# 1951 Columbia Rat



## Big Moe (Sep 14, 2014)

This project started the last time I was in Mid Missouri visiting family. It is a 1951 Columbia ? Can't really tell what model, or anything because it was just a bare frame when I got it. I was thinking a trike conversion at first, but have since changed my mind about that. Currently just thrown together to see what it will eventually look like. I haven't decided on a seat yet, am thinking either a springer saddle, or a banana seat. The seat will be black though. I'm going to paint it blue, mostly because that is my little girl's favorite color. Tell me what yall think. I look forward to hearing your thought's. Big Moe


----------



## Adamtinkerer (Nov 25, 2014)

1950-53 Westfield/Columbias serial #s all start with "R". Looks to be from around that time.


----------



## Big Moe (Dec 3, 2014)

*Progress*

Here is updated pics of my old Columbia Rat. Thanks to Rick for new parts, it is coming along nicely. Can't wait to get it on the road. May still switch the wheels again, have another set of 26's in the parts stash. We'll see, until then Rick thanks again for the parts. Will send money today cert mail.


----------



## rickyd (Dec 3, 2014)

*You*

are welcome looks as if it all fit well. Rick


----------



## Rebel_56 (Dec 3, 2014)

*Way kool*




Nice ride. I have a 54 columbia I ratted out. Took a broken springer and made poor man truss rods.


----------



## Big Moe (Dec 6, 2014)

*cool lookin bike*

Thanks man, I still have to get the forks I got from Rick cut down. I have been thinking about truss rods too, and maybe a tank if I can find one. I might even change my mind about the finish on it, I think bare metal on the frame and forks would look cool with the patina on the fenders and chainguard. I am still looking for an L seatpost,and springer seat. If anyone has those parts I would love to get them if a deal can be worked out.


----------



## Big Moe (Dec 6, 2014)

*Thanks Rick*

They are rusty and crusty and look perfect on it.


----------



## Big Moe (Dec 25, 2014)

*Progress with assistance from little helper*

Here is what the rat looks like now.
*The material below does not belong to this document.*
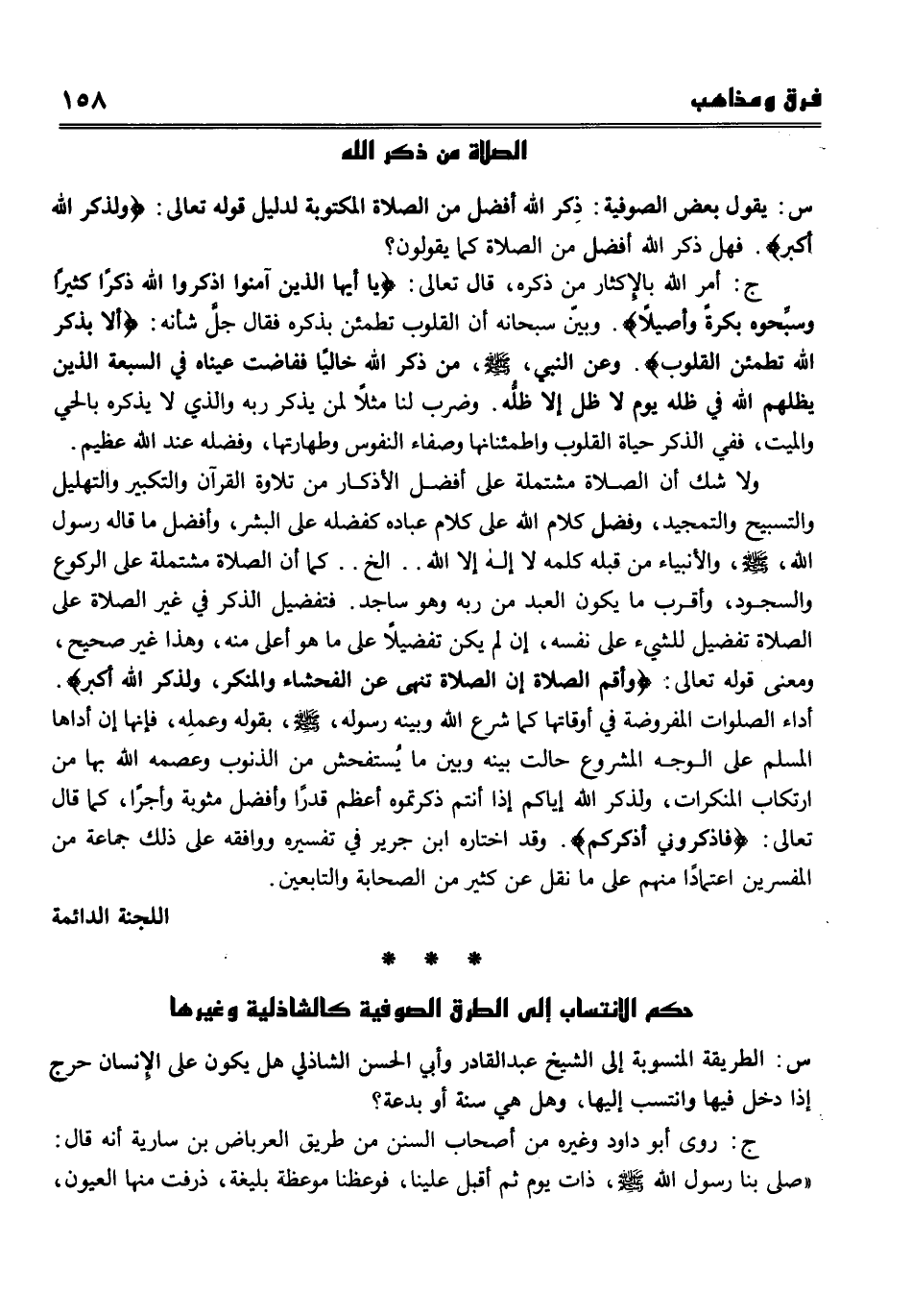 ج أمر الله بالإكثار من ذكره، قال تعالى {يَا أَيُّهَا الَّذِينَ آَمَنُوا اذْكُرُوا اللَّهَ ذِكْرًا كَثِيرًا. وَسَبِّحُوهُ بُكْرَةً وَأَصِيلًا} وبيّن سبحانه أن القلوب تطمئن بذكره، فقال جل شأنه {أَلَا بِذِكْرِ اللَّهِ تَطْمَئِنُّ الْقُلُوبُ} . وعن النبي صلى الله عليه وسلم من ذكر الله خاليًا ففاشت عيناه في السبعة الذين يظلهم الله في ظله يوم لا ظل إلا ظلَّه. وضرب لنا مثلاً لمن يذكر ربه والذي لا يذكره بالحي والميت، ففي الذكر حياة القلوب واطمئنانها وصفاء النفوس وطهارتها، وفضله عند الله عظيم. ولا شك أن الصلاة مشتملة على أفضل الأذكار من تلاوة القرىن والتكبير والتهليل والتسبيح والتمجيد، وفضل كلام الله على كلام عباده كفضله على البشر، وأفضل ما قاله رسول الله صلى الله عليه وسلم، والأنبياء من قبله كلمة لا إله إلا الله.. الخ.. كما أن الصلاة مشتملة على الركوع والسجود، وأقرب ما يكون العبد من ربه وهو ساجد. فتفضيل الذكر في غير الصلاة على الصلاة تفضيل للشيء على نفسه، إن لم يكن تفضيلا على ما هو أعلى منه، وهذا غير صحيح، ومعنى قوله تعالى {وَأَقِمِ الصَّلَاةَ إِنَّ الصَّلَاةَ تَنْهَى عَنِ الْفَحْشَاءِ وَالْمُنْكَرِ وَلَذِكْرُ اللَّهِ أَكْبَرُ} . أداء الصلوات المفروضة في أوقاتها كما شرع الله وبينه رسوله صلى الله عليه وسلم، بقوله وعمله، فإنها إن أداها المسلم على الوجه المشروع حالت بينه وبين ما يُستفحش من الذنوب وعصمه الله بها من ارتكاب المنكرات، ولذكر الله إياكم إذا أنتم ذكرتموه أعظم قدرًا وأفضل مثوبة وأجرًا، كما قال تعالى {فَاذْكُرُونِي أَذْكُرْكُمْ} . وقد اختاره ابن جرير في تفسيره ووافقه على ذلك جماعة من المفسرين اعتماداً منهم على ما نقل عن كثير من الصحابة.

With assistance from the little helper, aka Rhirhi . She is my little Pro.


----------



## Honestherman (Jan 23, 2015)

Its a Pirate bike. If the Serial number starts with Rrrrrrrrr.
Looks good. I was starting to worry that you guys think . Strip it down to just a frame, take the fenders and all parts off of it . Now we can call it a Rat....

I like where you are going with it. I look forward to see the end. When you are riding it.
Good Luck.


----------